I don't doubt that Kris Hadar is a very intelligent guy. So were Eliphas Levi, Paul Christian, and Aleister Crowley. Their intelligence didn't prevent them from imagining history as they wished it had happened, then writing and spreading the products of their imaginations as historical truth. Such an exercise might be philosophically satisfying, but it ain't history.
I would like to think that Hadar was misquoted, but if he really said that the Catholic Church invented the grail myth for some nefarious purpose of repression, he's simply wrong. If he actually said that the Church used the legend, or capitalized on it, for their own purposes, that would be supportable. The great antiquity of the grail legend, its pagan origin among the Celts of Britain, and its later adaptation to the literary requirements of Christian Europe, are all extremely well documented in "The Grail: The Celtic Origins of the Sacred Icon," by Jean Markale, a reputable scholar from Brittany, and in innumerable other sources.
To claim that the grail stories were "invented" out of whole cloth by anyone would reduce those remarkable legends to a banal one-dimensionality that flies in the face of their depth and richness.
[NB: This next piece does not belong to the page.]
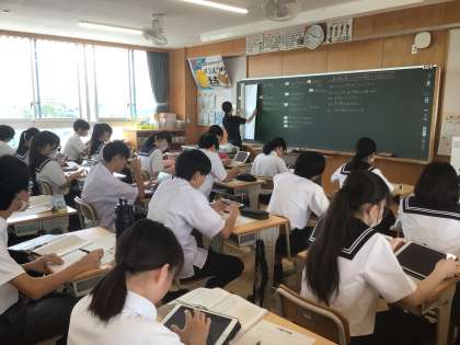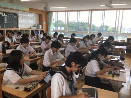 35学級の道徳です。「二通の手紙」を読んで、自分の思いを「心の数直線」に表して考えています。

Having visited Hadar's web site, and having attempted to negotiate it with both my limited French and the broken English offered by the automatic translator, it seems to me that he actually is saying that tarot originated in the twelfth century. Here again, I hope I'm reading it wrong. I would hope that he's actually saying that some of the images and concepts which were later incorporated into the tarot trumps -- wheel of fortune, devil, the virtues, etc. -- originated in the twelfth century. There's a big difference between the two. A tarot deck, after all, is twenty-one trumps, four queens, and a fool added to an Arab playing-card deck, and we know for certain that the playing card deck didn't reach Europe until the last half of the fourteenth century.
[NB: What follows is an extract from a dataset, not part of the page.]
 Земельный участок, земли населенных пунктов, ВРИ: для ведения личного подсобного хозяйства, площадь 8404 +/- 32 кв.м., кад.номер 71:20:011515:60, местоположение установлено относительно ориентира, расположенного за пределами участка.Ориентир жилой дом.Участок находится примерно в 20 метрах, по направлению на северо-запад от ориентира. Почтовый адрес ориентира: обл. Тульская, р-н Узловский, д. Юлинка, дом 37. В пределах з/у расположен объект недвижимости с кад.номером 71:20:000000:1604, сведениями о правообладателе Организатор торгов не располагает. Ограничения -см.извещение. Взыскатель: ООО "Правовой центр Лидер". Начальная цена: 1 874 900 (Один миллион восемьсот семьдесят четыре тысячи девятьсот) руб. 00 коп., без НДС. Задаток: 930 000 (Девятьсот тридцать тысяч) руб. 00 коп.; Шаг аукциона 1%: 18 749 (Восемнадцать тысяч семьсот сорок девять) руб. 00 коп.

The reason I get stubborn about these kinds of things is because during the first 20 years I studied tarot, I got led down more dead-end paths than I can remember. Trying to figure out where the cards came from, what their purpose was, what they meant, I kept looking for substance and coming up with hot air. Fortunately, the canons of real history are rigid, and its requirements are unforgiving. That's because what's at issue is a little item called truth.